Dataset ▸
::::
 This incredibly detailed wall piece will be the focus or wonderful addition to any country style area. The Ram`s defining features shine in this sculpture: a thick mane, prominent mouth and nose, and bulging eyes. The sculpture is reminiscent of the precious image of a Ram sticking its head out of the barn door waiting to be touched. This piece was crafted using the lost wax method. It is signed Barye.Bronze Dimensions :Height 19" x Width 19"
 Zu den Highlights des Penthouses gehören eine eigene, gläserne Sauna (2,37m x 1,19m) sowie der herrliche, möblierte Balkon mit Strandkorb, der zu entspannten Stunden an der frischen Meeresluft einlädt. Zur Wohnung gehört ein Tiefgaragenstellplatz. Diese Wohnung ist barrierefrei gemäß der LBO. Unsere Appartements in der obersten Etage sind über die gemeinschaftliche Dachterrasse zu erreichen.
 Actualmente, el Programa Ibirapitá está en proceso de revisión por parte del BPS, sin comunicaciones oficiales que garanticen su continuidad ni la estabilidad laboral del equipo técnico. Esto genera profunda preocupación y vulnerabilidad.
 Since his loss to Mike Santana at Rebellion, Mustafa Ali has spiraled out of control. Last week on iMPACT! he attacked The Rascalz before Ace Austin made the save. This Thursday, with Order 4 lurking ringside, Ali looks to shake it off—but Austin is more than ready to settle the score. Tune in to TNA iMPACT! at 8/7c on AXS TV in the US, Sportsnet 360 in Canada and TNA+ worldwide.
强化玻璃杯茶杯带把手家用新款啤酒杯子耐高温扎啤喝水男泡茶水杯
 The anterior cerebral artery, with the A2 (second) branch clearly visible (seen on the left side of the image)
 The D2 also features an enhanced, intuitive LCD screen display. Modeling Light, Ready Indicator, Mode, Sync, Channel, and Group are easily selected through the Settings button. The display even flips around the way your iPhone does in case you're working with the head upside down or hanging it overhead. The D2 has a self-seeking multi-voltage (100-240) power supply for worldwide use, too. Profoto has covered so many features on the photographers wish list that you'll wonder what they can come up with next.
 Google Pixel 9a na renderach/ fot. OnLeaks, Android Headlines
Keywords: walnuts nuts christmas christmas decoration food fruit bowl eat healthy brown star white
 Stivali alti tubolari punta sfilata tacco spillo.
::::
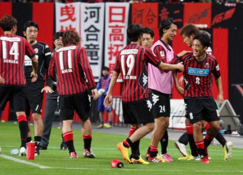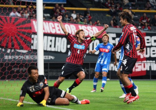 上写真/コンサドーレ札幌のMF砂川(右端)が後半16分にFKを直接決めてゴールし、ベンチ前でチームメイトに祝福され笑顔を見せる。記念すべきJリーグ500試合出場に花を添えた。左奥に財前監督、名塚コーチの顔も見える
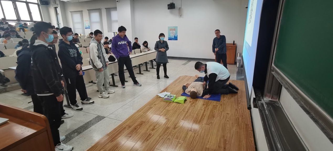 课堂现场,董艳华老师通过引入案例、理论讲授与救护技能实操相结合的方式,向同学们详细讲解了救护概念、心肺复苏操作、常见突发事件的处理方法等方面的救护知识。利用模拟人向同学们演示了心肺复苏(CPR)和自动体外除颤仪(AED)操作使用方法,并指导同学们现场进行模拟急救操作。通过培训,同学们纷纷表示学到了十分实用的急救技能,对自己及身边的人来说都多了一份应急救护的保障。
::::
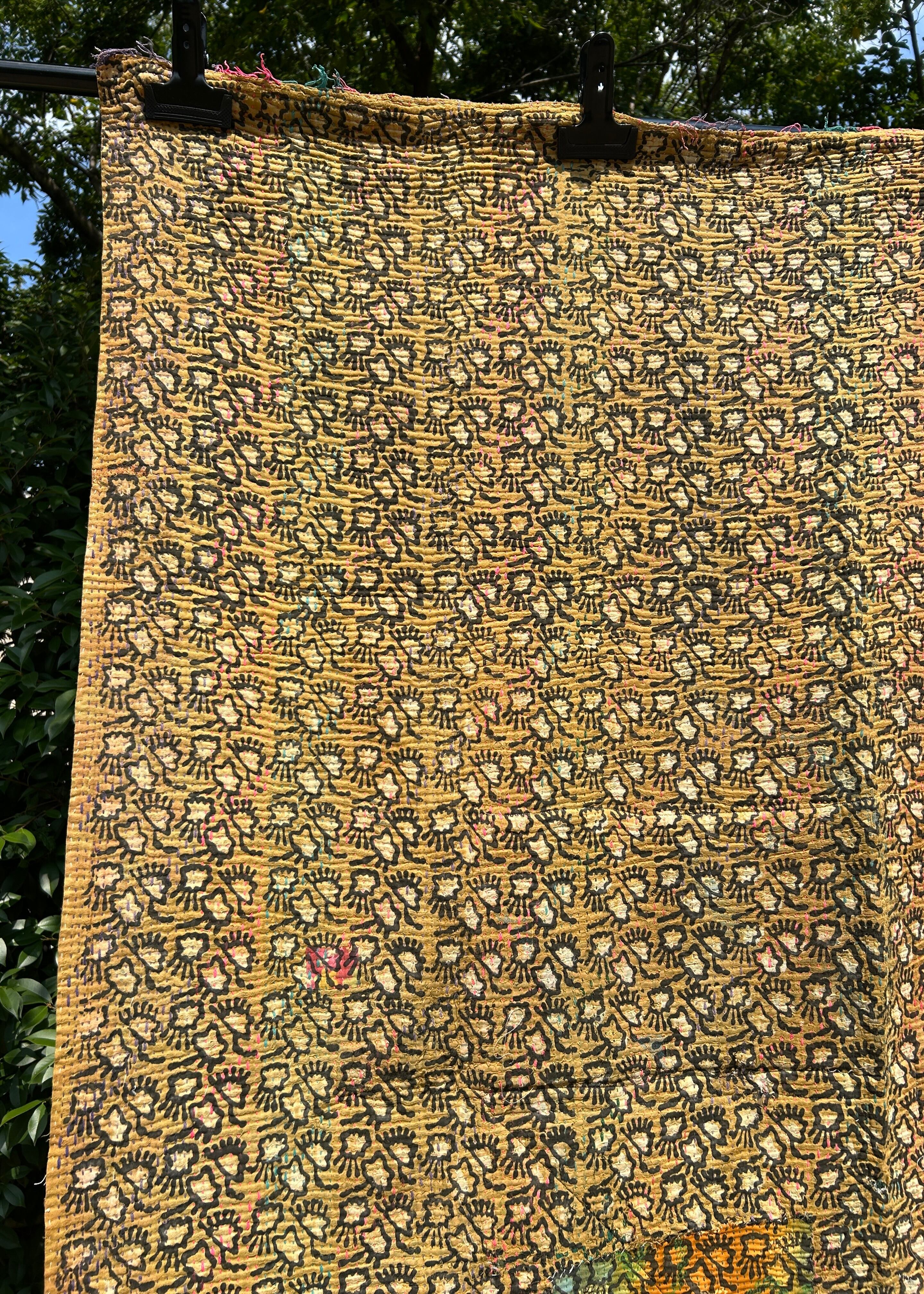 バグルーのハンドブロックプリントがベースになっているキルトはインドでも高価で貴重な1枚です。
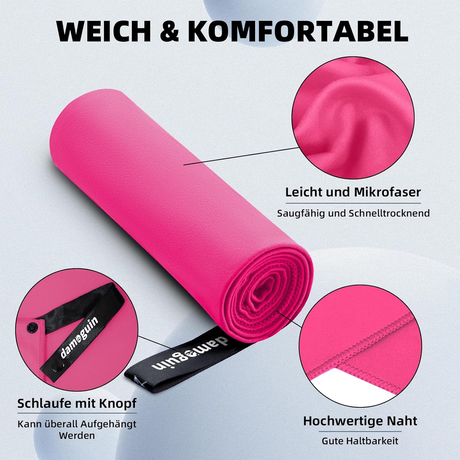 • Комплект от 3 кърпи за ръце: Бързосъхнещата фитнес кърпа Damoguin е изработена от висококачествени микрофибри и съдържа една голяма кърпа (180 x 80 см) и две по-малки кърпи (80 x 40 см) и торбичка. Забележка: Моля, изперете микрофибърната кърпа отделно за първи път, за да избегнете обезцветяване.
::::
Goal of the exercise ▸ Within the listing above, write out the stretch from the line with "バグルーのハンドブロックプリ" through the line with "да избегнете обезцветяване." exactly. Any pictures are to be left out.

Answer to the exercise ▸
 バグルーのハンドブロックプリントがベースになっているキルトはインドでも高価で貴重な1枚です。
 • Комплект от 3 кърпи за ръце: Бързосъхнещата фитнес кърпа Damoguin е изработена от висококачествени микрофибри и съдържа една голяма кърпа (180 x 80 см) и две по-малки кърпи (80 x 40 см) и торбичка. Забележка: Моля, изперете микрофибърната кърпа отделно за първи път, за да избегнете обезцветяване.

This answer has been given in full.